Center of Infectious Diseases, West China Hospital, Sichuan University, Chengdu, China; Division of Infectious Diseases, State Key Laboratory of Biotherapy, Chengdu, China.
Institute of Microbiology and Infection, College of Medical and Dental Sciences, University of Birmingham, Birmingham, UK.
J Glob Antimicrob Resist. 2019 Jun;17:90-93. doi: 10.1016/j.jgar.2018.11.017. Epub 2018 Nov 26.
Here we report the finding of three copies of the bla gene on a plasmid in ST11 Klebsiella pneumoniae.
Carbapenem-resistant K. pneumoniae clinical strain WCHKP2 was subjected to whole-genome sequencing (WGS) using both a short-read Illumina HiSeq X10 platform and long-read MinION sequencer. Hybrid assembly was performed using Unicycler, and contigs were corrected using Pilon. Based on WGS, the sequence type (ST), capsular type, plasmid replicon type and plasmid multilocus sequence type were determined and virulence and antimicrobial resistance genes were identified. Mating was performed to identify a self-transmissible plasmid mediating carbapenem resistance.
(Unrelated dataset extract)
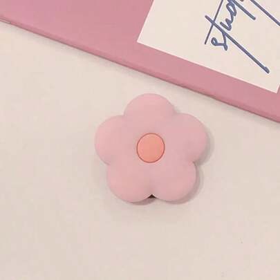 Giá đỡ điện thoại silicon gấp gọn hình hoa hồng màu hồng & kẹp giữ điện thoại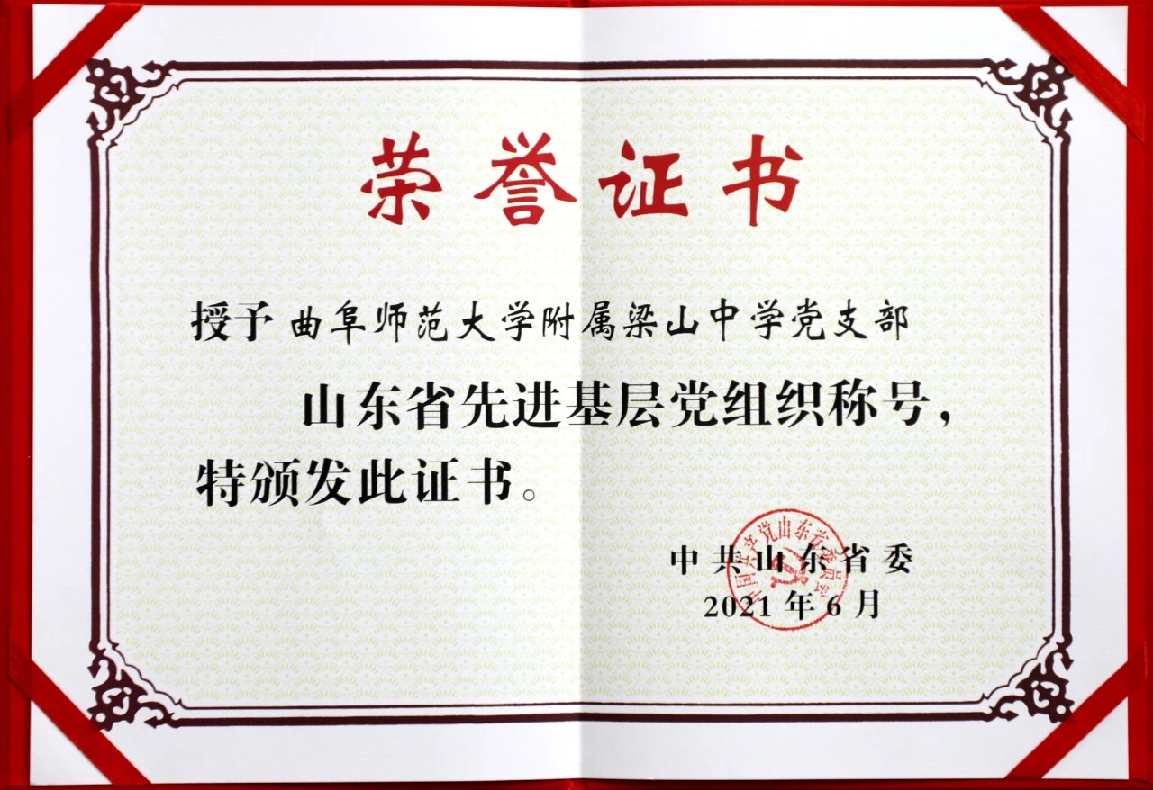 曲阜师大新闻中心讯 日前,中共山东省委印发《中共山东省委关于表彰山东省优秀共产党员、优秀党务工作者和先进基层党组织的决定》,完美网页版附属梁山中学党支部荣获“山东省先进基层党组织”称号。

Strain WCHKP2 was resistant to imipenem [minimum inhibitory concentration (MIC)=64μg/mL] and meropenem (MIC=128μg/mL). Strain WCHKP2 had a 5477148-bp circular chromosome, two small ColRNAI-like plasmids (5596bp and 10060bp), and one large plasmid (177516bp, designated pKPC2_020002) containing an IncR and an IncFII replicon. Surprisingly, there were three copies of the bla carbapenemase gene on pKPC2_020002, which was not self-transmissible. Each of the bla genes was located in the same genetic context with insertion sequence ISKpn27 upstream and ISKpn6 downstream and bracketed by IS26. The three copies of the IS26-ISKpn27-bla-ISKpn6-IS26 unit were present in tandem.
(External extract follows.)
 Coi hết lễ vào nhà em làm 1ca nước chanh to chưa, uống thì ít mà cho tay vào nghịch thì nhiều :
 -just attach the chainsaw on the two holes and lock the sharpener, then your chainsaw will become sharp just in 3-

Here we report the surprising co-existence of three copies of bla on an IncR/IncF plasmid due to the action of IS26. Multiple copies of IS26 are a key factor generating genetic plasticity and could mediate the multiplication of resistance genes.
本研究报告了 ST11 型肺炎克雷伯菌质粒上存在 bla 基因的三个拷贝。
对耐碳青霉烯肺炎克雷伯菌临床株 WCHKP2 进行全基因组测序(WGS),使用短读长 Illumina HiSeq X10 平台和长读长 MinION 测序仪。使用 Unicycler 进行杂交组装,使用 Pilon 校正重叠群。基于 WGS,确定序列型(ST)、荚膜型、质粒复制子类型和质粒多位点序列型,并鉴定毒力和抗菌药物耐药基因。进行交配实验以鉴定介导碳青霉烯类耐药的可自我传播质粒。
菌株 WCHKP2 对亚胺培南(MIC=64μg/mL)和美罗培南(MIC=128μg/mL)耐药。菌株 WCHKP2 有一个 5477148bp 的环状染色体,两个小的 ColRNAI 样质粒(5596bp 和 10060bp)和一个大质粒(177516bp,命名为 pKPC2_020002),包含 IncR 和 IncFII 复制子。令人惊讶的是,pKPC2_020002 上有 bla 碳青霉烯酶基因的三个拷贝,但其不能自我传播。每个 bla 基因都位于相同的遗传环境中,上游有插入序列 ISKpn27,下游有 ISKpn6,由 IS26 隔开。三个 IS26-ISKpn27-bla-ISKpn6-IS26 单元串联存在。
本研究报告了令人惊讶的是,由于 IS26 的作用,IncR/IncF 质粒上同时存在 bla 基因的三个拷贝。多个 IS26 拷贝是产生遗传可塑性的关键因素,并可介导耐药基因的增殖。